4. Applying and creating strategies when solving tasks, also in unusual situations.

## Teaching contents - detailed requirements

### I. Real numbers

Standard level. A pupil:
1. performs operations (addition, subtraction, multiplication, division, exponentiation, extracting roots, logarithm) in a set of real numbers;
2. carries simple proofs about the divisibility of integers and division remainders, no more difficult than:
(a) proof that the product of four consecutive natural numbers is divisible by $24$ of ;
(b) proof that if a number when dividing by $5$ gives the remainder of $3$, then its third power when dividing by $5$ gives the remainder of $2$;
3. applies properties of roots of any degree, including odd degree roots of negative numbers;
4. applies the relationship between roots and exponents, and laws of exponents and roots;
5. applies monotonicity properties of exponentiation, in particular: if $x < y$ and $a>1$, then $a^x<a^y$ , and if $x < y$ and $0<a<1$, then $a^x>a^y$ ;
6. uses the concept of real interval, marks intervals on a number line ;
7. applies geometrical and algebraic interpretation of absolute value, solves equations and inequalities of the type: $\left|x + 4\right| = 5$, $\left|x - 2\right| < 3$, $\left|x+3\right| \geq 4$;
8. uses properties of exponent and root properties in practical situations, including calculating compound interest, investment returns, and loan costs;
9. uses the relation between logarithms and exponents, uses formulas for a logarithm of the product, a logarithm of the quotient and a logarithm of a power .

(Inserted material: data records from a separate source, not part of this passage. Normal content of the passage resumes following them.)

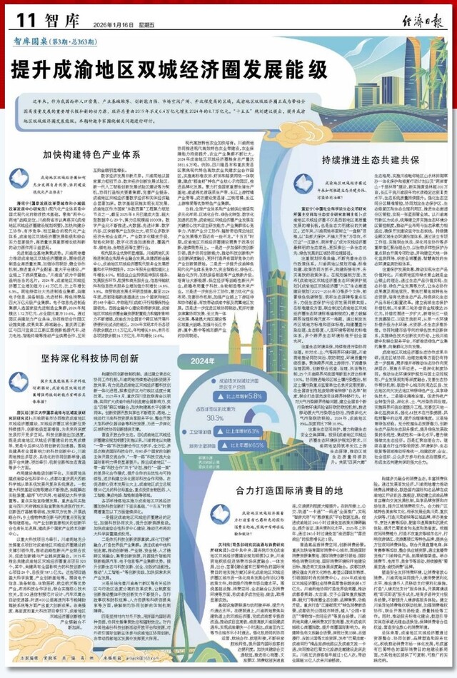 近年来,作为我国西部人口密集、产业基础雄厚、创新能力强、市场空间广阔、开放程度高的区域,成渝地区双城经济圈正成为带动全国高质量发展的重要增长极和新的动力源,经济总量由2019年不足6.4万亿元增至2024年的8.7万亿元。“十五五”规划建议提出,提升成渝地区双城经济圈发展能级。本期特邀专家围绕相关问题进行研讨。
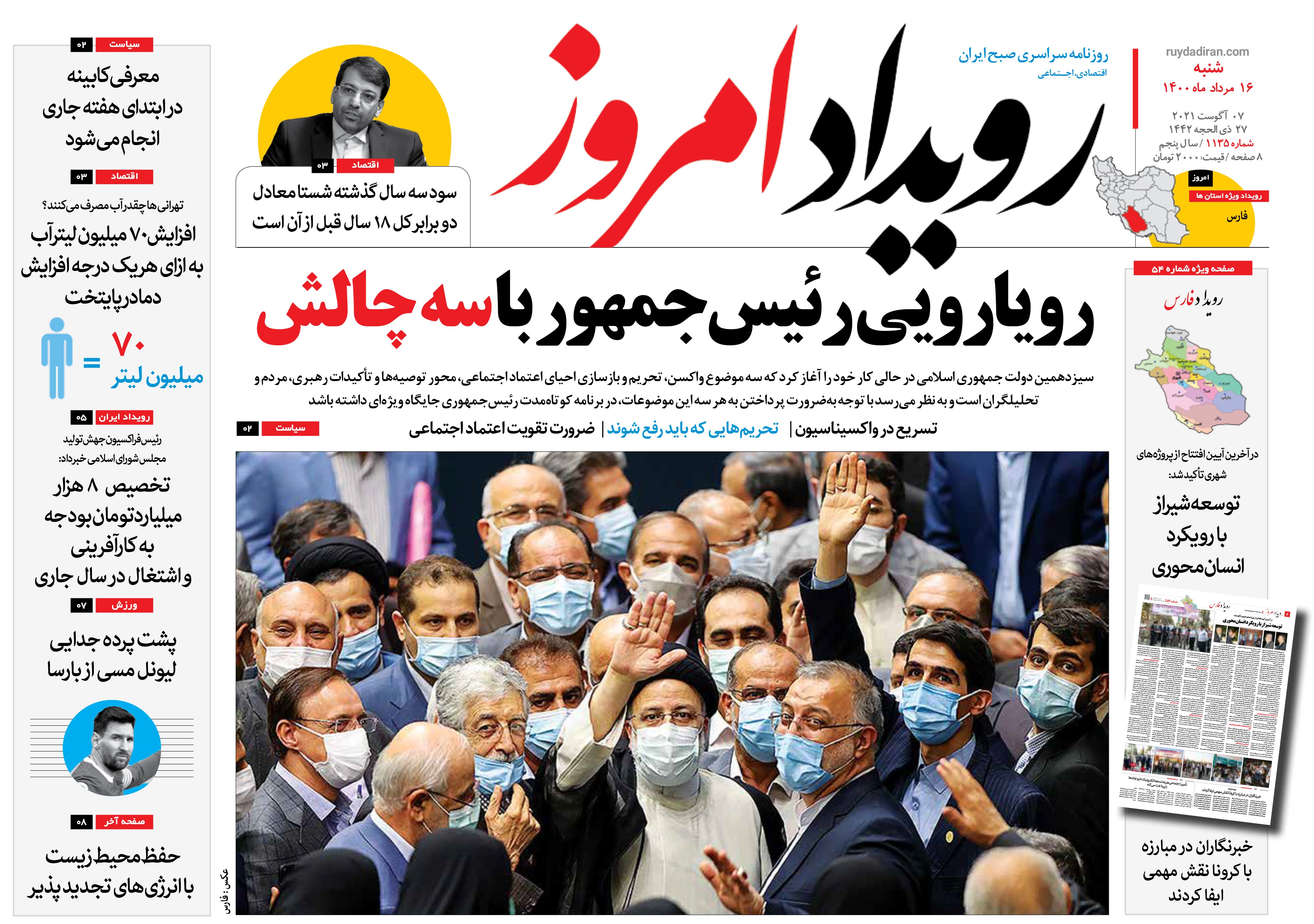 روزنامه رویداد امروز شنبه ۱۶ مرداد ۱۴۰۰
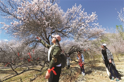 4月22日,游客在哈密市伊吾县苇子峡乡野山杏林里赏花。
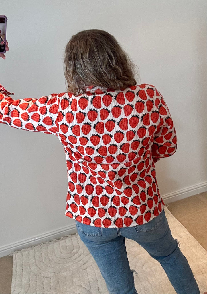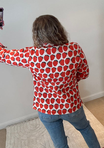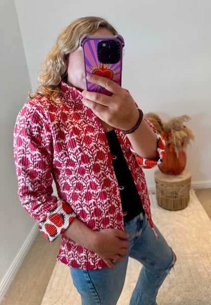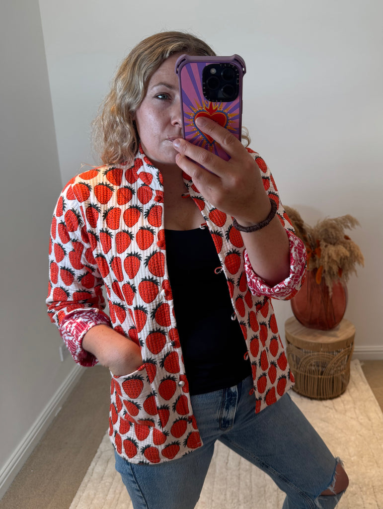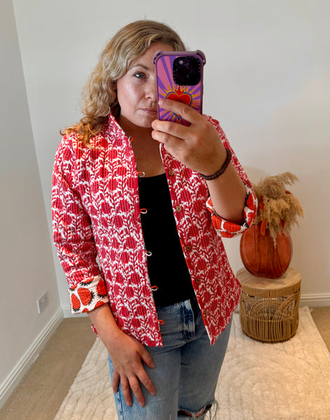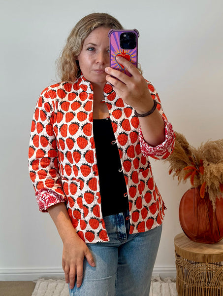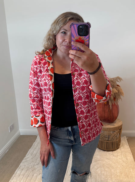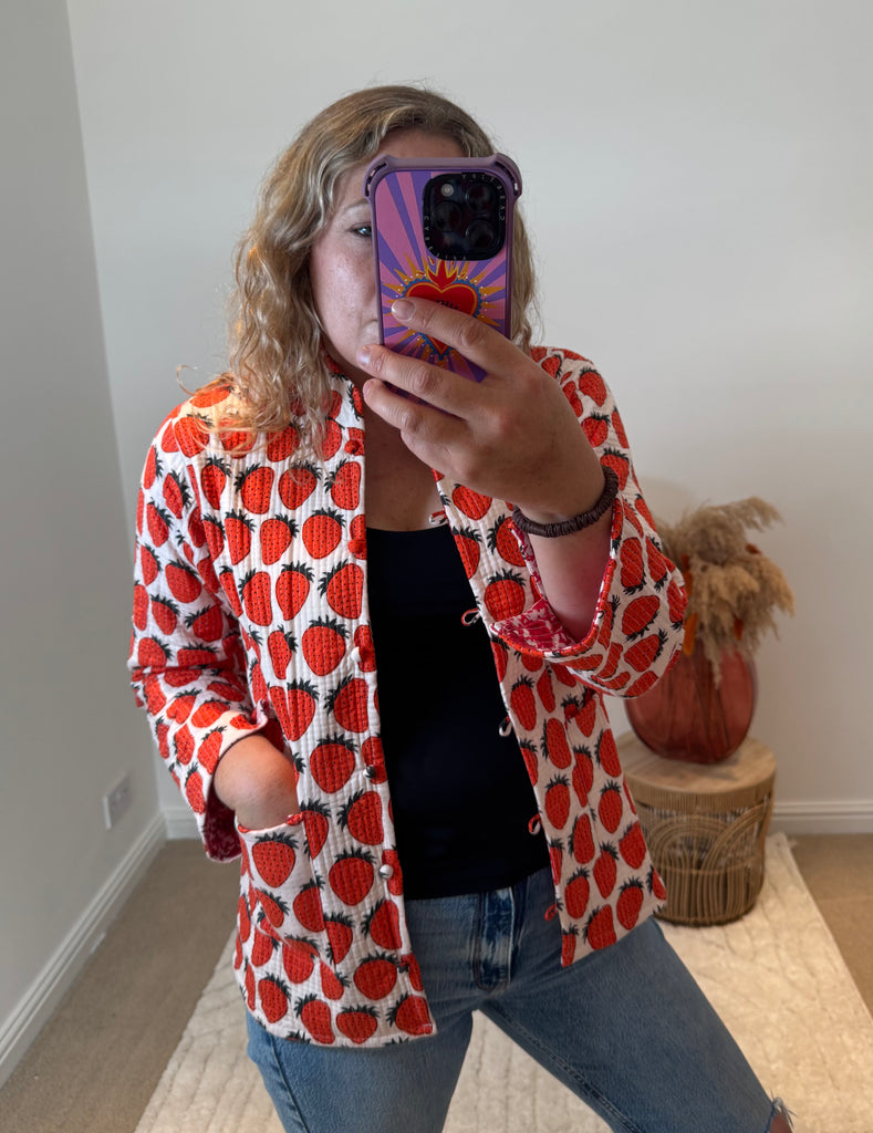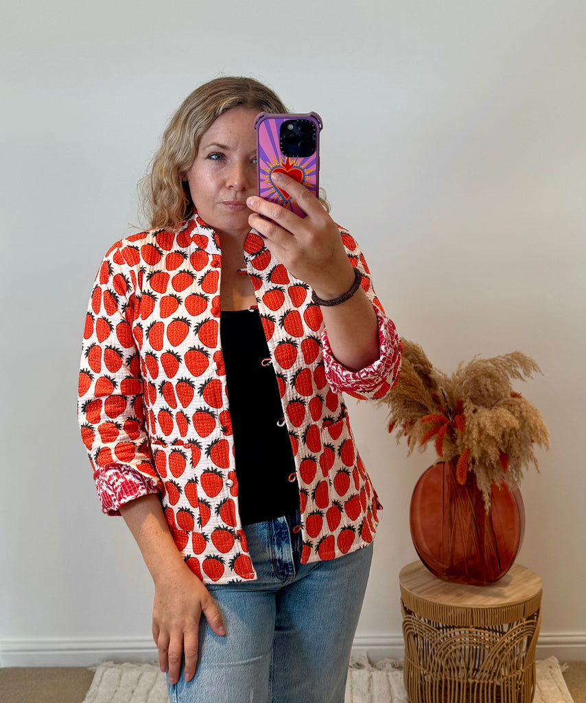 These amazing jackets are bound to put a smile on your face - and certainly make the prospect of going into Autumn feel a little less sad! In a lightweight, quilted cotton - the main side features a pretty strawberry print with patch pockets and fabric covered buttons. Then, if you fancy a change, simply turn it inside out and you have a boho red floral print on the other side with wooden buttons. The sleeves look great rolled up to reveal a glimpse of the reverse print. Wear with a simple tee and jeans or over a dress - we love this so much here at Pink Flamingo!
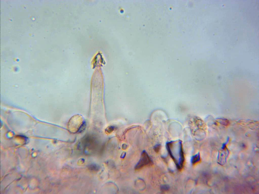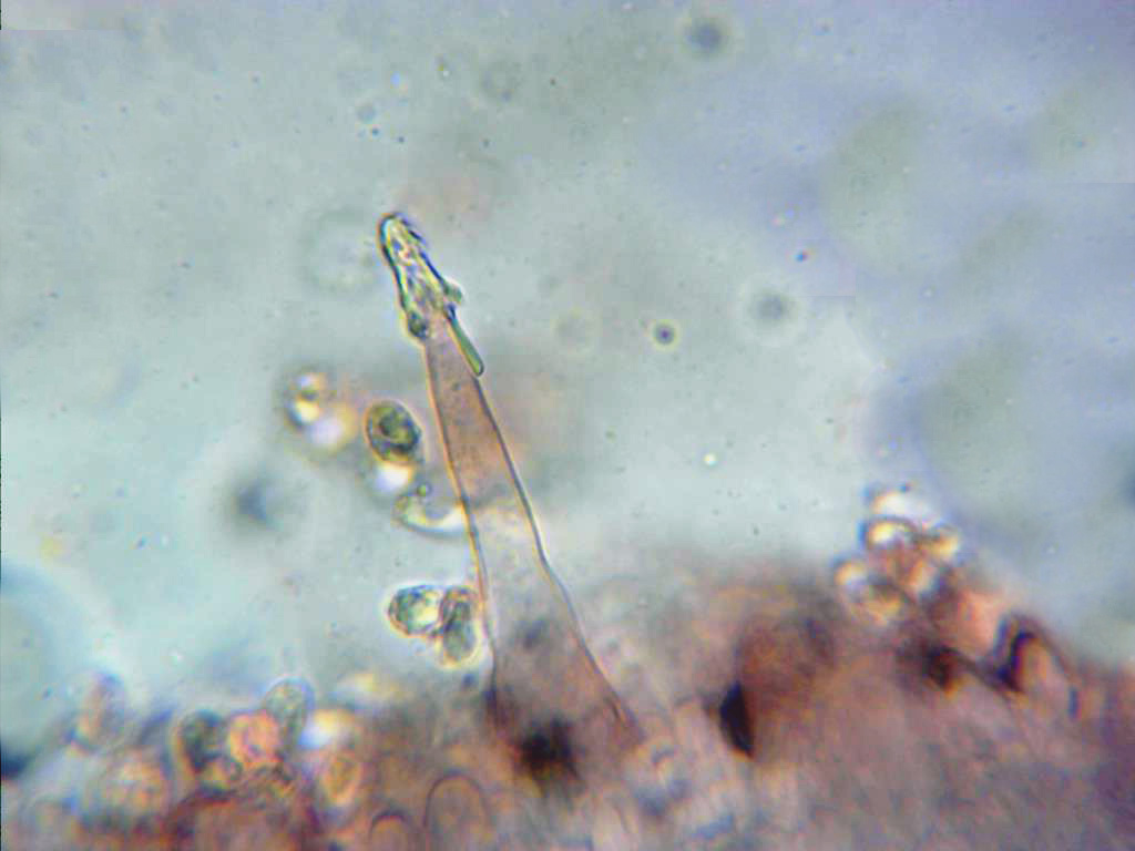 Te dejo una imagen mía de Melanoleuca polioleuca y dos imágenes de sus característicos queilocistidios, esta también muy parecida a la que nos muestras, por lo que se puede diferenciar de la Melanoleuca melaleuca y de la graminicola.
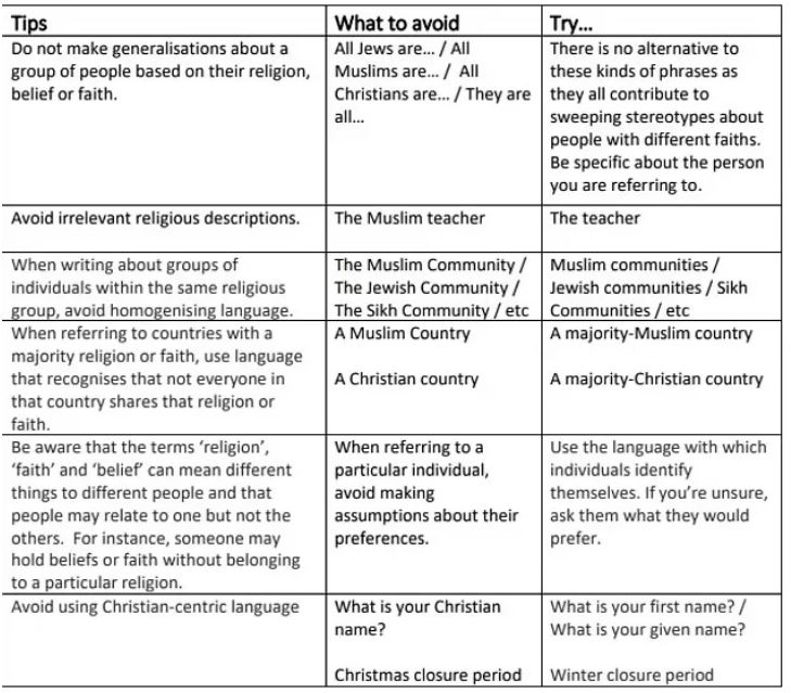 Το έγγραφο που μοιράστηκε στους υπαλλήλους έφερε στο φως η Daily Mail και περιέχει λέξεις και φράσεις οι οποίες θα πρέπει να αποφεύγονται προς σεβασμό των Μουσουλμάνων συναδέλφων τους αλλά και μαθητών. Μάλιστα δίνονται και εναλλακτικές, όπως για παράδειγμα δεν λέμε «κλείσιμο για τα Χριστούγεννα» αλλά «χειμερινή περίοδος κλεισίματος».

A pupil meets the requirements specified for the standard level, and also
1. 1R. applies the formula to replace the base of the logarithm.

### II. Algebraic expressions.

Standard level. A pupil:
1. uses short multiplication formulas: $(a+b)^2$, $(a-b)^2$, $a^2-b^2$, $(a+b)^3$, $(a-b)^3$, $a^3-b^3$, $a^n-b^n$;
2. adds, subtracts and multiplies one and many variables polynomials;
3. takes a common monomial out of an algebraic sum;
4. factorizes polynomials by grouping terms, in no more difficult cases than factorizing the polynomial $W(x)=2x^3-\sqrt{3}x^2+4x-2\sqrt{3}$;
5. finds integer rootsof a polynomial with integer coefficients;
6. dzieli z resztą wielomian jednej zmiennej $W(x)$ przez dwumian postaci $x-a$;
7. adds and subtracts rational expressions, in cases not more difficult than: $\frac{1}{x+1}-\frac{1}{x}$, $\frac{1}{x}+\frac{1}{x^2}+\frac{1}{x^3}$, $\frac{x+1}{x+2}+\frac{x-1}{x+1}$.

A pupil meets the requirements specified for the standard level, and also
1. 1R. finds integer and rational polynomial roots with integer coefficients
2. 2R. uses the basic properties of the Pascal triangle and the following properties of the binomial coefficient: $\binom{n}{0}=1$, $\binom{n}{1}=n$, $\binom{n}{n-1}=n$, $\binom{n}{k}=\binom{n}{n-k}$, $\binom{n}{k}+\binom{n}{k+1}=\binom{n+1}{k+1}$;
3. 3R. uses formulas: $a^3+b^3$, $(a+b)^n$ and $(a-b)^n$.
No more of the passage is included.